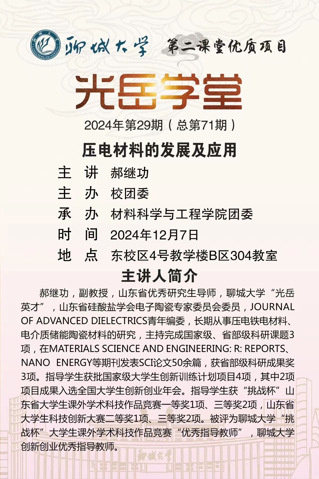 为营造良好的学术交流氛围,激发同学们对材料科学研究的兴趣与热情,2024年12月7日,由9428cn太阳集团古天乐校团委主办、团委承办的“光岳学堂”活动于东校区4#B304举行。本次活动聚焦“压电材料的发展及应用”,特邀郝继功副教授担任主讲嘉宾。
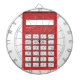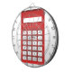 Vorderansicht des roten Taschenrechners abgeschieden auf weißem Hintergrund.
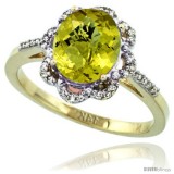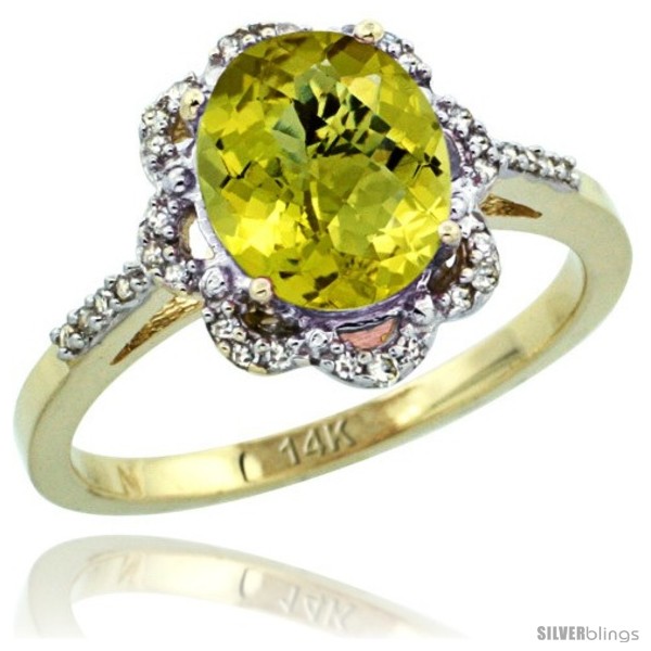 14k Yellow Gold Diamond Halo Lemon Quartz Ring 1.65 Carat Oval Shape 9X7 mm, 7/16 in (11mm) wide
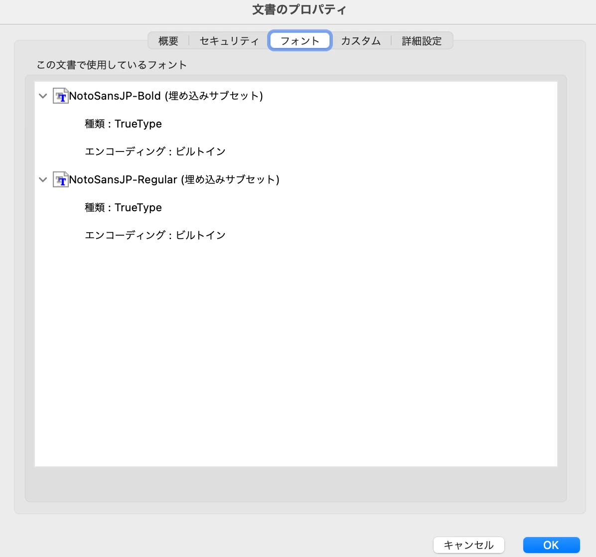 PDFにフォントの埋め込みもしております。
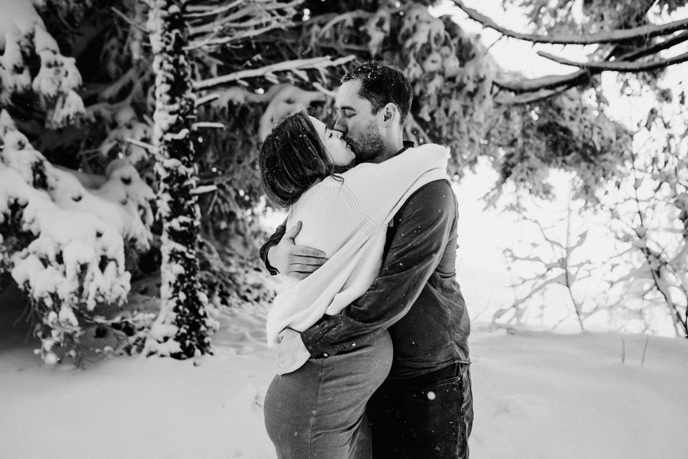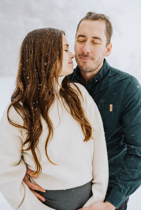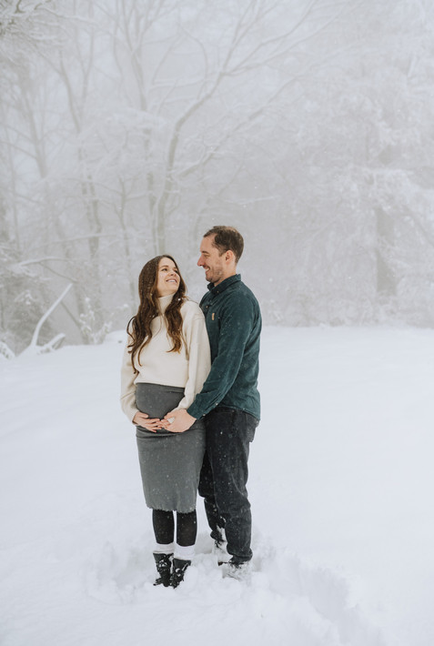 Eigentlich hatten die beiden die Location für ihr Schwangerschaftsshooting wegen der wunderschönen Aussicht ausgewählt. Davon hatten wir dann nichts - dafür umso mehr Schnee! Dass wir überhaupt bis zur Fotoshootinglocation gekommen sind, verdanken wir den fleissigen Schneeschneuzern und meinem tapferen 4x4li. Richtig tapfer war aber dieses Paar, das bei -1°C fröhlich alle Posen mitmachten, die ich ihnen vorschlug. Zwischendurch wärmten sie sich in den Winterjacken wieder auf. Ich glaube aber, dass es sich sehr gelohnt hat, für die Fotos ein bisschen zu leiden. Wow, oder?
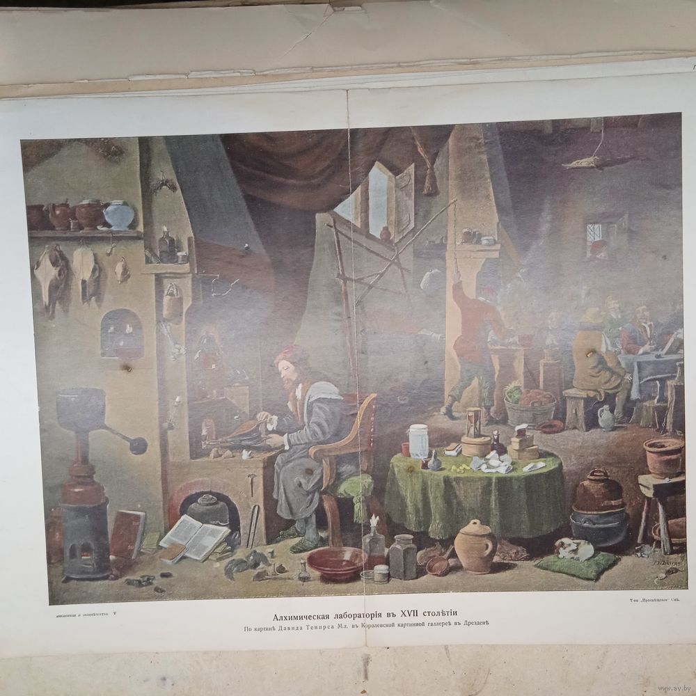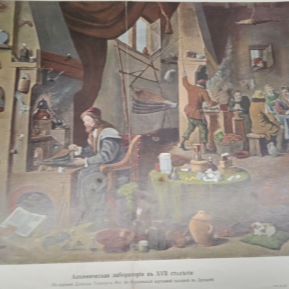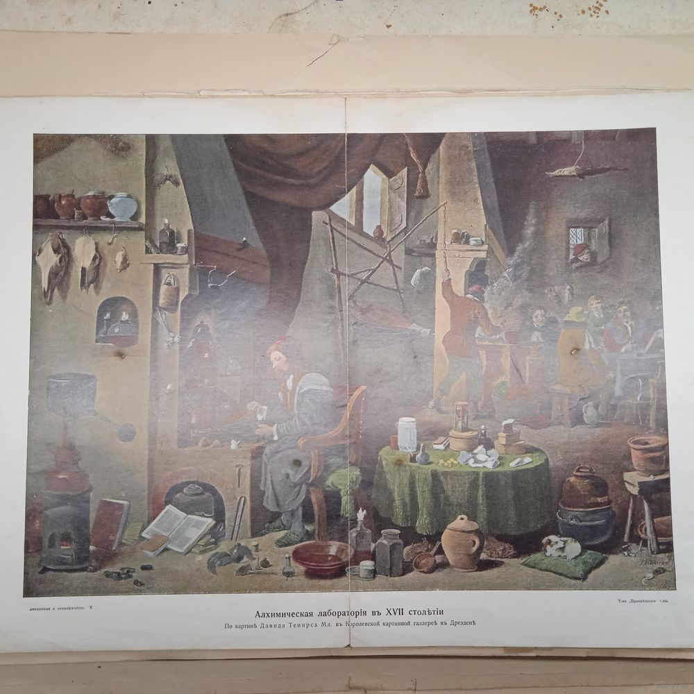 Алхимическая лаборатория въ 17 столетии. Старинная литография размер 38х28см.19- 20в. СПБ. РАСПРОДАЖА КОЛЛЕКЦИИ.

· · · · ·

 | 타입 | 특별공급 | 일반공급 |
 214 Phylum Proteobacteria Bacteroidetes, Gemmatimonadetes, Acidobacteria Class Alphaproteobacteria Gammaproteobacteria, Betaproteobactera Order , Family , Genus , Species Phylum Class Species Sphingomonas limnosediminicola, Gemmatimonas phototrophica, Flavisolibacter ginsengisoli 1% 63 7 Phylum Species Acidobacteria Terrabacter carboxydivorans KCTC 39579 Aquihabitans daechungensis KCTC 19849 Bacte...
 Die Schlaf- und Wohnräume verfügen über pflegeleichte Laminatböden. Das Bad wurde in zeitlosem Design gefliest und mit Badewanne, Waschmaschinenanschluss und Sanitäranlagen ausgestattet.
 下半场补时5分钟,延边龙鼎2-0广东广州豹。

· · · · ·

** Exercise instructions **
In the data above, find the line that contains "특별공급 | 일반공급 |" and the line that contains "下半场补时5分钟,延边龙鼎2-0广东广州豹。". Repeat exactly those lines and every line between them, and only those.

** Answer box **
 | 타입 | 특별공급 | 일반공급 |
 214 Phylum Proteobacteria Bacteroidetes, Gemmatimonadetes, Acidobacteria Class Alphaproteobacteria Gammaproteobacteria, Betaproteobactera Order , Family , Genus , Species Phylum Class Species Sphingomonas limnosediminicola, Gemmatimonas phototrophica, Flavisolibacter ginsengisoli 1% 63 7 Phylum Species Acidobacteria Terrabacter carboxydivorans KCTC 39579 Aquihabitans daechungensis KCTC 19849 Bacte...
 Die Schlaf- und Wohnräume verfügen über pflegeleichte Laminatböden. Das Bad wurde in zeitlosem Design gefliest und mit Badewanne, Waschmaschinenanschluss und Sanitäranlagen ausgestattet.
 下半场补时5分钟,延边龙鼎2-0广东广州豹。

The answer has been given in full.